───── DATA EXTRACTS ─────

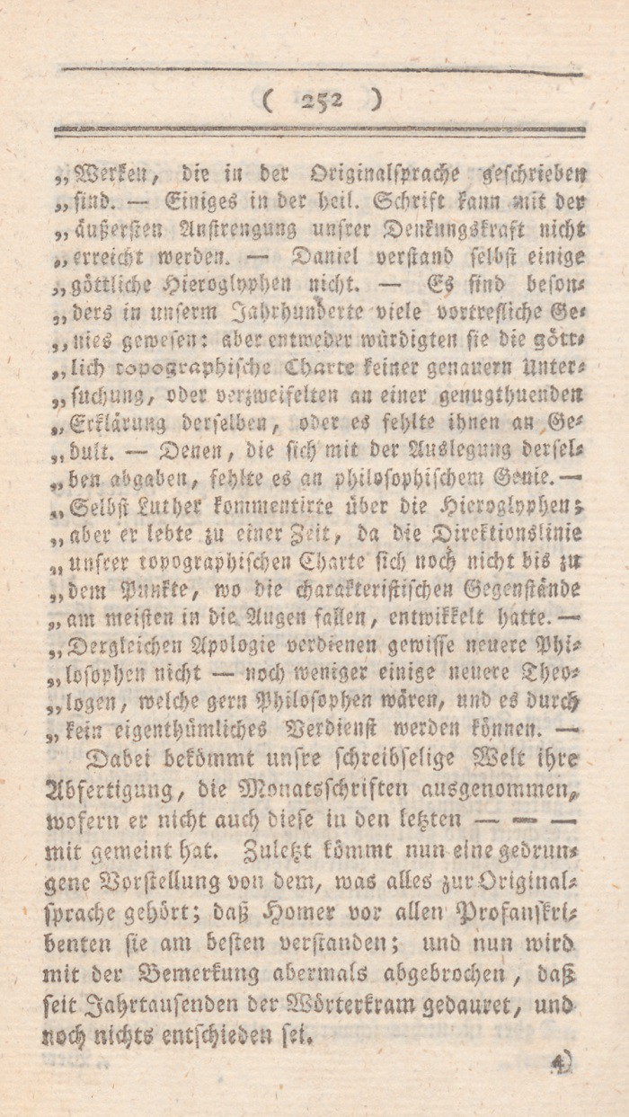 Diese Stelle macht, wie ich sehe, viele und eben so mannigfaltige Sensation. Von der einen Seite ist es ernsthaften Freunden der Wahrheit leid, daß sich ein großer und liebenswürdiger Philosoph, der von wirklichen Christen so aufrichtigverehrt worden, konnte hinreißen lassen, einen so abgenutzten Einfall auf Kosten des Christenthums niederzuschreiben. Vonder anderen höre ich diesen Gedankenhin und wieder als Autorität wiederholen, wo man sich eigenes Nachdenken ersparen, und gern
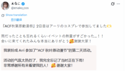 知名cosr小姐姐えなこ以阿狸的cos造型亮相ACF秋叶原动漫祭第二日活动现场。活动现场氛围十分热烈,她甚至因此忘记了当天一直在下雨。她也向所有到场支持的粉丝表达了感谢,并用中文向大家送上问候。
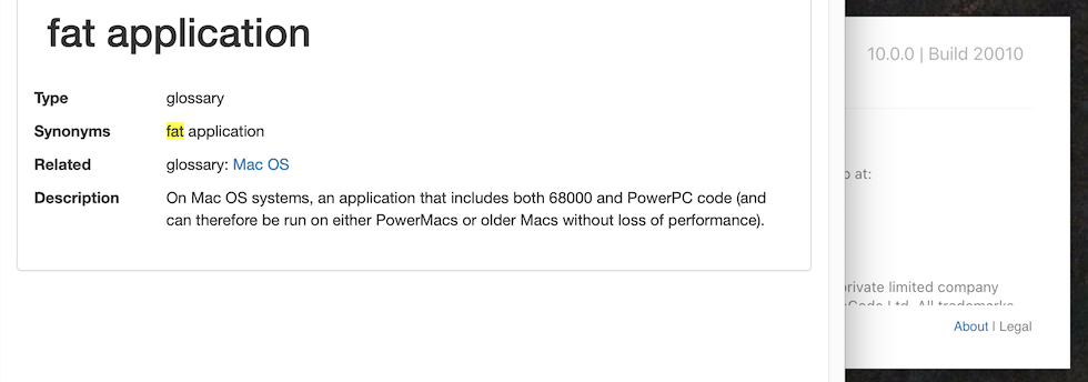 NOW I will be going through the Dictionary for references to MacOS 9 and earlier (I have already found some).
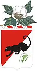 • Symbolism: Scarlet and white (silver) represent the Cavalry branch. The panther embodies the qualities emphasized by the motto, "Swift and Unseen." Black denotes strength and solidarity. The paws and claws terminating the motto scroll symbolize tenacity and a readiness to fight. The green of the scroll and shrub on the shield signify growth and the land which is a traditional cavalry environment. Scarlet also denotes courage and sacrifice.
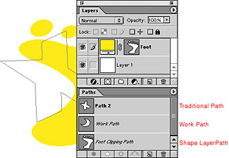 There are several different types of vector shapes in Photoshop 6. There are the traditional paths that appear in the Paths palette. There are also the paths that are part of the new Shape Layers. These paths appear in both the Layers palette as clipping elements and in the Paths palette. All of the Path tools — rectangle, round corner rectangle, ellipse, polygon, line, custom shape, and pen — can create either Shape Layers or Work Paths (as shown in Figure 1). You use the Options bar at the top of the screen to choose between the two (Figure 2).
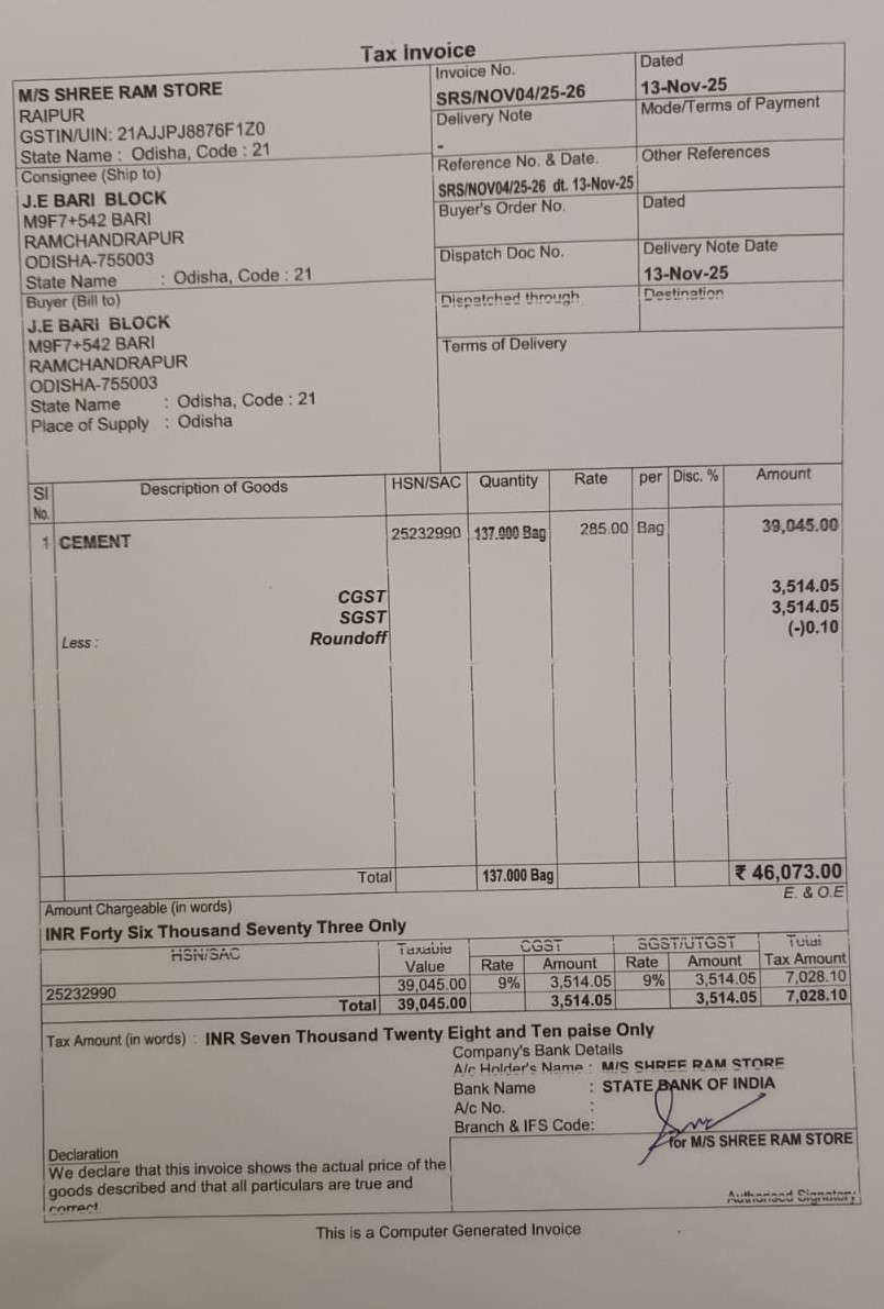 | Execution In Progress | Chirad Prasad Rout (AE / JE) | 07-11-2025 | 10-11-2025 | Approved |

─────

• **WHAT TO DO**:
Give again the stretch of lines above from the one with "知名cosr小姐姐えなこ以阿" through the one with "NOW I will be", both ends kept, and copy no pictures.

• **TASK ANSWER**:
 知名cosr小姐姐えなこ以阿狸的cos造型亮相ACF秋叶原动漫祭第二日活动现场。活动现场氛围十分热烈,她甚至因此忘记了当天一直在下雨。她也向所有到场支持的粉丝表达了感谢,并用中文向大家送上问候。
 NOW I will be going through the Dictionary for references to MacOS 9 and earlier (I have already found some).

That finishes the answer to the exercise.